Highlights
- First large-scale application of spectral prediction models in DFT for protein dimers with a significant reduction in SCF iterations
- Eigenvalue predictions through three widely different ML and DL methods achieve accuracy levels equivalent to half-converged SCF calculations
- High-quality DoS predictions demonstrate the reliability of the approach, using exascale-ready methodology with scalability for large biomolecular simulations
Keywords | Computational Chemistry, Drug Discovery, High-Performance Computing, Biophysics, Quantum Mechanics, Deep Learning |
Technologies used | GNN, Machine Learning (Random Forest, Kernel Ridge Regression), GPU, Python, bigDFT, SLEPc, FRASE |

Challenge
Computational materials science and biomolecular simulations face a major bottleneck in solving large-scale sparse eigenproblems efficiently. Traditional DFT-based quantum simulations are computationally demanding, especially for biological systems, often requiring thousands of different DFT calculations to achieve statistical significance.

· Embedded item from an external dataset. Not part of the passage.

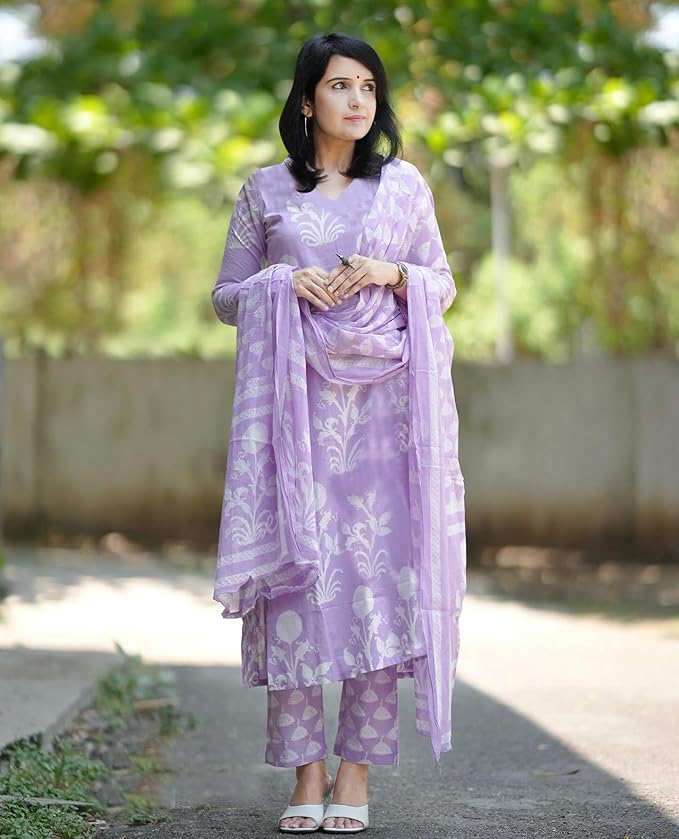 This set includes: 1 Kurta with 1 Pant & 1 Dupatta || Work : Printed || Neck Style:- V-Neck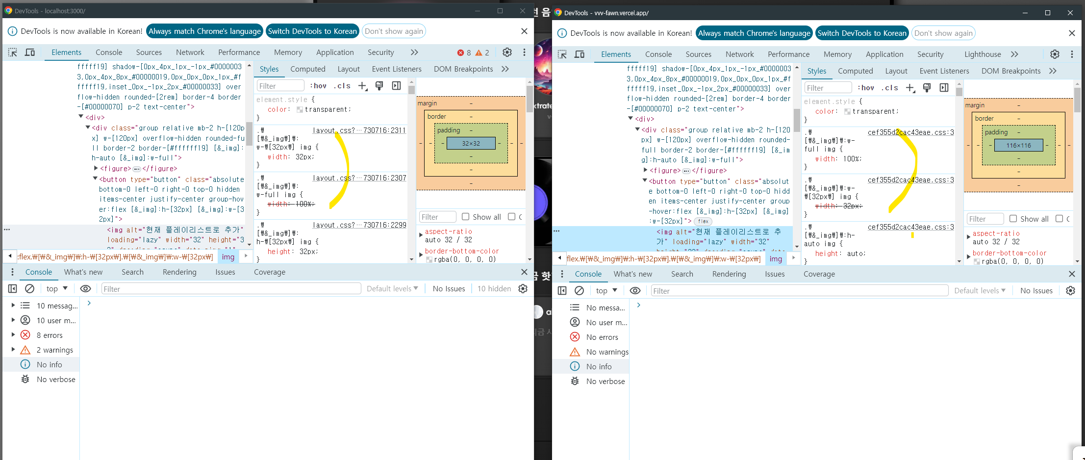 왼쪽은 개발서버, 오른쪽은 배포 서버인데 같은 코드임에도 다른게 보여졌다.

Simulating protein-protein and protein-ligand interactions at quantum accuracy is crucial for drug design and biophysics but remains largely impractical due to the computational cost of solving the Kohn-Sham equations for large biomolecular assemblies. The challenge was to develop a method that could predict spectral properties, accelerating SCF convergence while maintaining accuracy.
Research Topic
The research focused on accelerating electronic structure calculations for large biomolecular systems by integrating machine learning-based spectral prediction into Density Functional Theory (DFT) simulations. Specifically, it aimed to enhance the solution of large-scale sparse eigenproblems, enabling efficient simulations of protein-protein interactions. By leveraging a database of 660 protein dimer calculations, we developed a predictor system that estimates eigenvalues and Density of States (DoS). This advancement paves the way for scalable quantum simulations applicable to drug discovery, materials science, and exascale computing.
Solution
To overcome this challenge, we developed a spectral prediction model trained on 660 protein dimer calculations, using BigDFT’s Linear Scaling approach. This model predicts eigenvalues before SCF iterations begin, providing high-quality initial guesses for the electronic structure. By reducing the required number of self-consistency steps from tens to a few iterations, we achieved substantial computational savings while maintaining spectral accuracy. As shown in our results, the predicted DoS closely follows the computed reference, proving that the method can be systematically applied to large biomolecular datasets.